«Овидий в Скифии, — писал Батюшков Гнедичу, — вот предмет для элегии, счастливей самого Тасса». Драма Овидия заслуживала художественного воплощения, контраст между его счастливой жизнью в Риме и суровым, полным лишений существованием среди скифов был разителен, и Пушкина увлекла задача показать, как же вел себя избалованный успехом римлянин в ледяных степях и почему он не восставал в своих элегиях против сославшего его деспота и не пытался бежать из ссылки, чем вызвал в свое время удивление знаменитого Вольтера! Нет! Он не бежит, а лишь обращается с мольбами и жалобами к всесильному Августу и проливает слезы, как будто можно «отклонить слезами» «карающую длань» императора. Это ли не малодушие и не трусливая лесть! Именно так считали русские литераторы и критики, современники Пушкина. За слезы, за жалобы, за «унылое однообразие» элегий порицал Овидия в своих лицейских лекциях Н. Ф. Кошанский, порицал и замещавший его П.Е Георгиевский, рассуждая так: какой же это римлянин, если он «по-женски жалуется» и прямо «воет», унижаясь перед императором! Ведь римляне — народ, отличающийся примерным мужеством и суровостью, разве Брут, Кассий, Фабий, Сципионы — не истинные римляне, эти тираноборцы и великие, не знающие страха полководцы. «Сколько героев, сколько великих мужей и славных дел», — восклицал Кошанский в своем предисловии к переводу Корнелия Непота. «Любезные друзья, скажу вам, если кто из вас читал об Аристиде, Ганнибале, Цезаре и др… и будет стараться сам так же чувствовать и мыслить, будет искренно желать быть им подобным, тот в самом деле возвысится душою и… может быть, столь же, как они, будет полезен своему отечеству».
Чему же могут, с этой точки зрения, научить «Тристии»? Только презрению к слабости духа изгнанника, которого в лучшем случае можно только пожалеть.
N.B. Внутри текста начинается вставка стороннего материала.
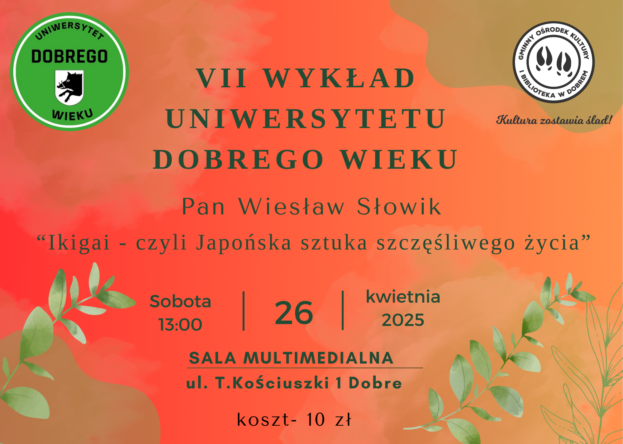 26 kwietnia 2025 r., o godz. 13:00 w sali konferencyjnej Urzędu Miasta i Gminy Dobre odbędzie się wykład UDW pt. „Ikigaj – czyli Japońska sztuka szczęśliwego życia”, który poprowadzi Wiesław Słowik.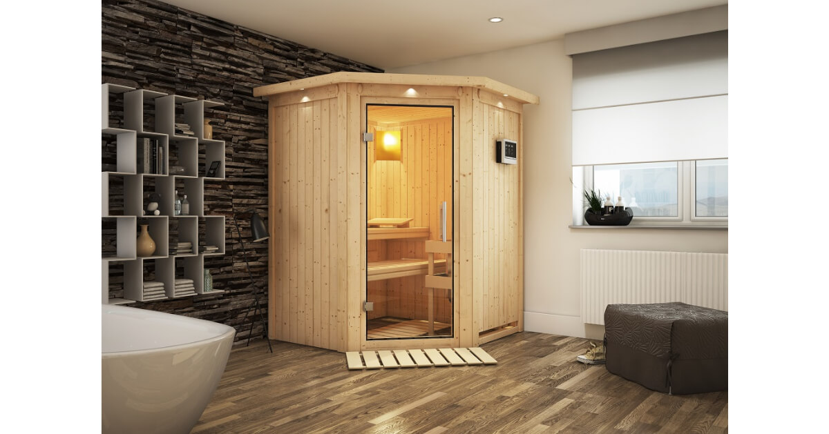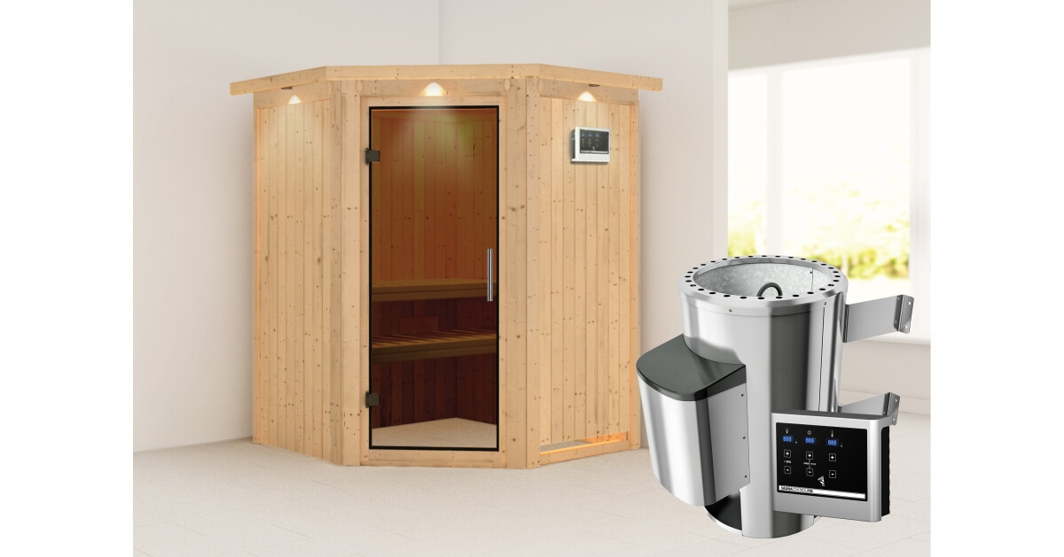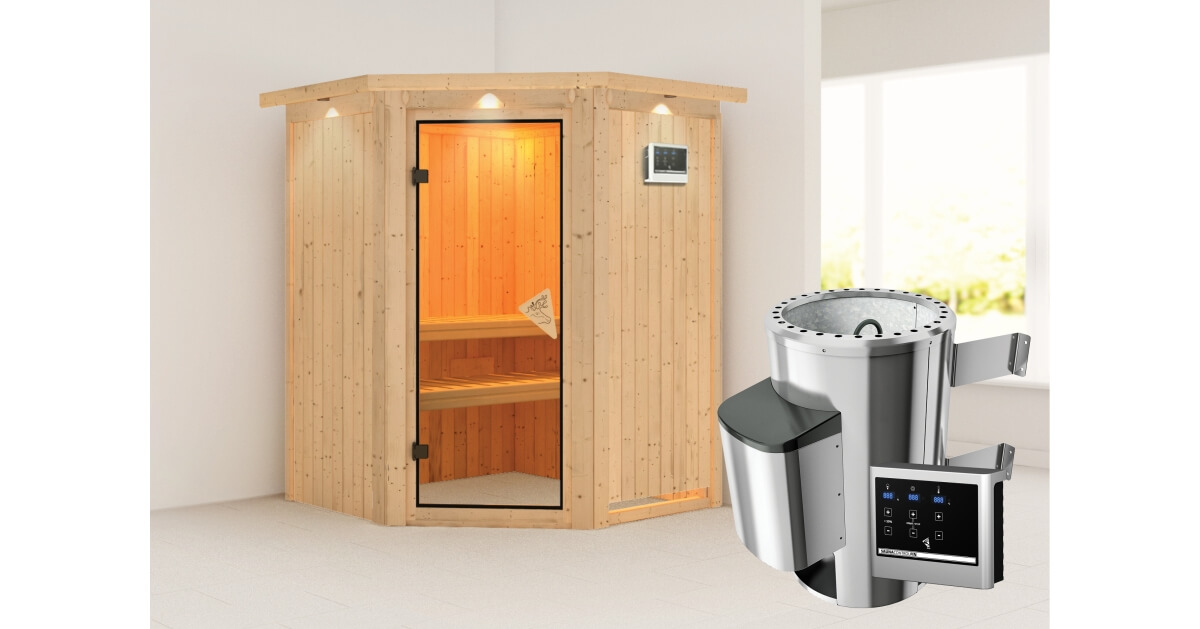Karibu 68mm Systemsauna Nanja mit 3,6kW Saunaofen mit ext. Steuerung Easy

И Николай Федорович Кошанский не отказывает ему в сочувствии, вспомнив, «как наказание несоразмерно преступлению», и даже обращается к нему со словами участия: «Покойся, милый прах Назона! И сей жертвы довольно будет для истлевших костей Овидия!»
Таков был суд над поэтом, таково было общепринятое мнение о нем.
Но Пушкин в Кишиневе держит в руках подлинный текст Овидия и, «следуя сердцем» за поэтом, делает поразительное открытие: он обнаруживает то, о чем мы уже говорили, — римлянин считал слезы не менее сильным оружием, чем слова и гневные протесты. Русский поэт понимает, что изгнанник стремился расположить к себе друзей, читателей и жестокого императора единственным, чем располагал в изгнании, — обаянием своей личности, кротостью, незлобивостью, а не бунтом, не проклятиями, не оскорблениями:
Понимаю! В противоположность тем, кто не понимает. А их было во время Пушкина большинство.
Плачущий человек требовал снисхождения и уважения, и Август, равнодушный к слезам Овидия, охарактеризован в «Тристиях» уже одной этой чертой как безжалостный и бессердечный деспот. За внешним почтением и показной лестью в «Тристиях», как мы уже видели, скрывается жестокое осуждение Августа. «Истинный талант доверяет более собственному суждению, основанному на любви к искусству, нежели малообдуманному решению записных Аристархов», — писал Пушкин. Именно собственное суждение о прочитанных элегиях Овидия позволило ему понять то, чего не понимали современники.